Il s’agit d’une carence de la psychanalyse, qui insiste sur l’Œdipe. Or, la plupart des conflits
sociaux sont des conflits fraternels. La Bible met l’accent de bout en bout, de la Genèse au
Livre des Rois, sur des histoires de fratricide. On a du mal à appréhender ces questions en
psychanalyse, on ne sait comment les résoudre. Le complexe d’Œdipe se résout, lui : un beau
jour, on comprend qu’il y a un impossible et on se tourne alors vers d’autres objets de désir.

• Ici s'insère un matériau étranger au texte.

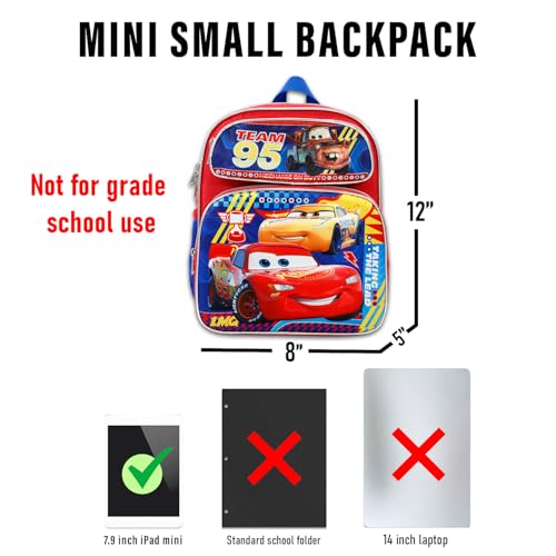Disney Cars Mini Backpack with Lunch Box for Kids - Bundle with Pixar 12" School Bag, Lunch Box, Stickers, More | Pixar Cars School Supplies for Boys 7

Le conflit fraternel, lui, ne se résout pas. Au-delà des théories du narcissisme, cette question
reste à développer. Les grands conflits d’aujourd’hui sont fraternels. Je déteste celui qui a ce
dont, moi, je suis dépourvu. Prenez le conflit israélo-arabe. Israël a la technologie, la science,
le dynamisme, le développement agricole, les victoires militaires. Les pays arabes voisins
regrettent d’être dépourvus de ces succès-là. Mais inversement, eux possèdent l’espace, la
démographie, les richesses naturelles, un ancrage historique dans les lieux anciens, ce que
jalouse Israël. L’exemple biblique des rapports entre Joseph et ses frères est particulièrement
parlant. Joseph, en définitive, pardonne à ses frères qui l’ont vendu à des marchands
d’esclaves. Mandela, à notre époque, a répété le magnifique geste de Joseph à l’égard de ses
geôliers.
Soutenez-vous que l’autorité du père puisse constituer un rempart contre les différentes
sortes de fanatismes ?
L’autorité du père tempère la jalousie fraternelle. Le père assure la transmission, il enseigne la
loi, l’héritage, mais aussi la sanction, toujours dans un acte d’amour. Aujourd’hui, les pères ne
sont plus sortables, il n’y a qu’à voir nos hommes politiques. Or, un père doit être respecté et
admiré. Il doit fonctionner comme l’écran qui filtre les angoisses qu’une mère projette
nécessairement sur son enfant. Or, cette tâche-là, les pères l’assument de moins en moins.
Reconnaissons que dans une famille recomposée, elle n’est pas facile. Ce déclin de la
paternité ouvre certainement une page nouvelle dans l’histoire humaine. Il n’est pas sûr
qu’elle soit particulièrement rose. L’effacement total de la paternité, selon Lacan, ouvre la
porte de la psychose. Le fanatisme en est une.